Mauricio todavía no lo creía y miró a Patricia, apenado por el bochornoso suceso, pero vio que era la esposa de Darío la que estaba apenada y conseguía levantar la mirada del suelo. 

—Bien, ya está, me han descubierto —dijo el anciano, con la voz de Darío—. ¿Qué es lo que quieren?

—Sabes muy bien qué es lo que queremos, amigo —contestó Diomedes—. Si no, ¿por qué ese disfraz y la historia de que estás en coma?
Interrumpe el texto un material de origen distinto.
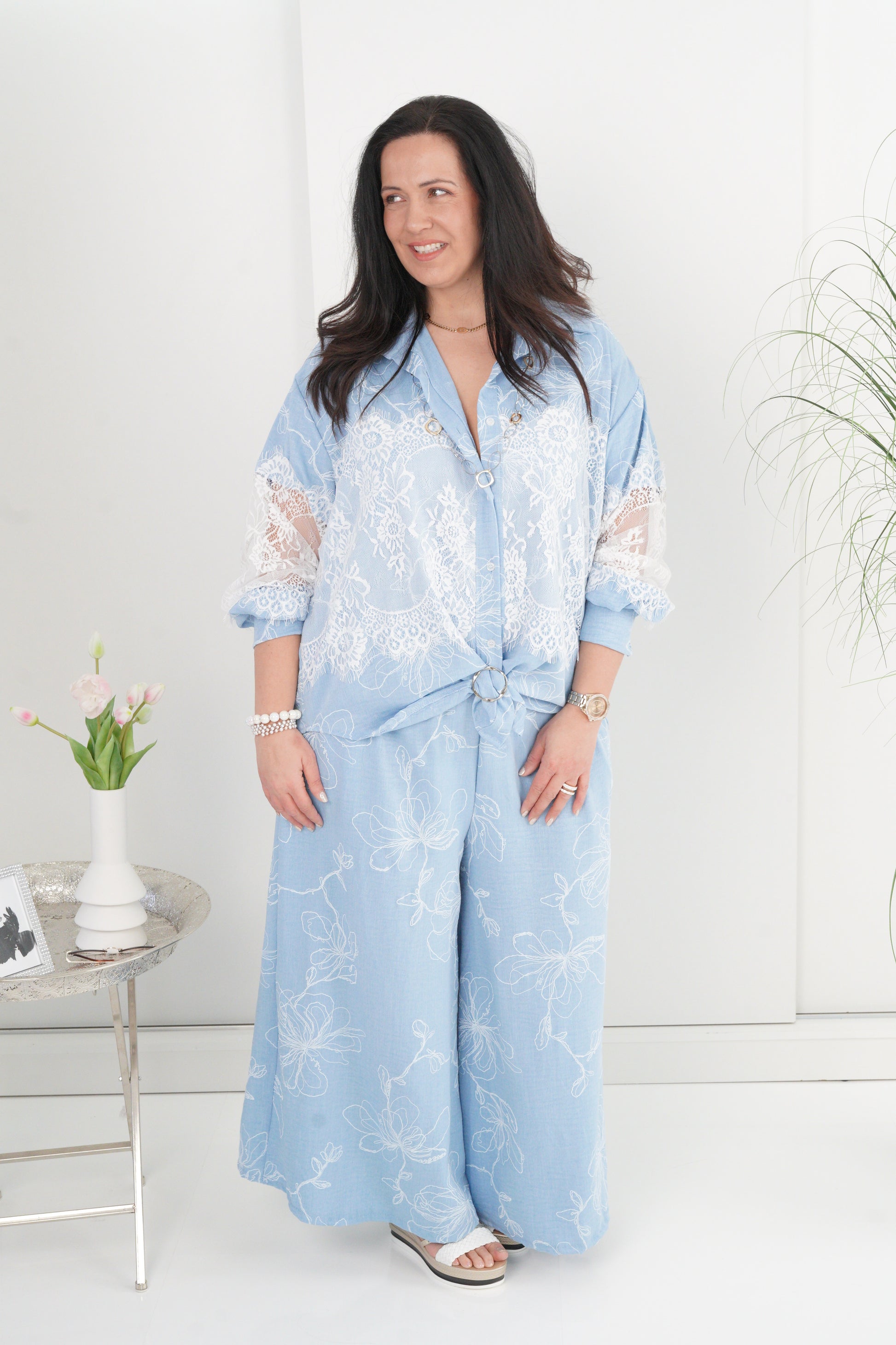 Spitzenshirt in Leo Blau-Lindgrün (38-42)

Darío suspiró y empezó a intentar quitarse la barba, pero en su afán por no ser descubierto, se excedió con el uso de la goma adhesiva. Se quejó cuando estuvo a un tirón de arrancarse la piel. 
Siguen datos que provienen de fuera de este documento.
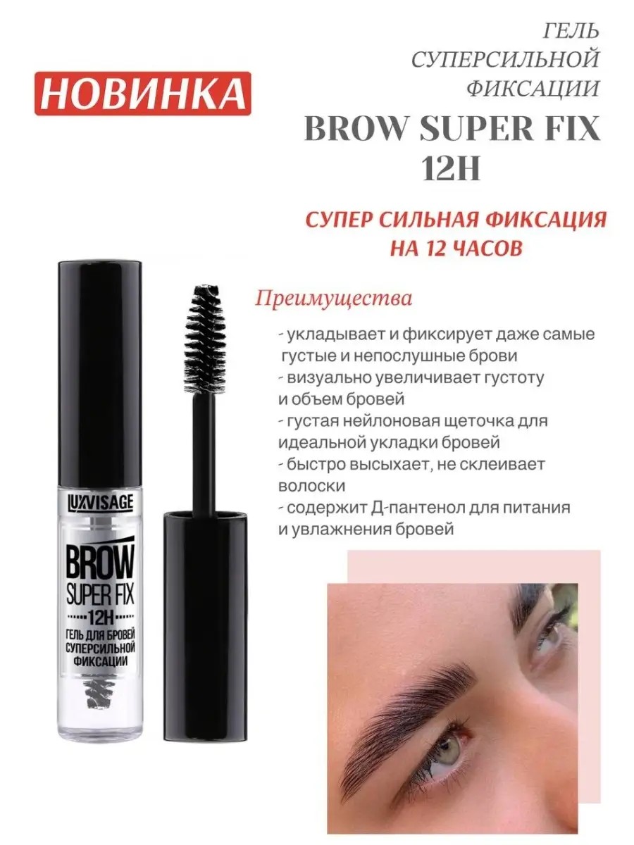Гель для бровей суперсильной фиксации brow super fix 12H luxvisage с тонкой щеткой, которая укладывает волоски бровей в нужном направлении и фиксирует даже самые густые, жесткие и непослушные брови на 12 часов. Гель фиксатор ламинатор для бровей люкс визаж прозрачный обволакивает волоски тончайшей невидимой пленкой, придавая бровям визуальный объем.

—Te lo tienes merecido por intentar engañarnos. —Se burló Diomedes—. Fabricio tenía razón cuando dijo que Oráculo debía acompañarnos.

Patricia se levantó, con el mismo rictus en su rostro con el que recibió a los tres empresarios.

—No creas que la vas a quitar así no más, amor —dijo antes de salir de la oficina del supuesto contador jubilado—. Tendrás que mantener la cara en agua caliente por lo menos dos horas. 

Diomedes volvió a reírse.

—Darío, Darío —dijo palmeando el hombro de su amigo—. ¿De verdad creíste que podías escaparte de Fabricio, y no participar en la guerra empresarial que se está gestando? 

—No voy a participar en ninguna guerra, de ningún tipo —protestó Darío—. Mi empresa no es lo suficientemente grande para que su presencia, o ausencia, pueda afectar en lo más mínimo el desarrollo de esta contienda. Se lo dejo a ustedes, los titanes del grupo Missos. 

—Sabes, amigo —dijo Diomedes como si no hubiese escuchado las palabras de Darío—. Primero, haz caso a tu esposa y deja de jalarte esa barba postiza, hasta a mí me duele verte; y, segundo, vamos a un bar a hablar sobre esto y la manera en que puedes colaborarle a Missos. Cuando esto termine, quizá tengas una empresa casi tan grande como la de cualquiera de nosotros, ¿te parece?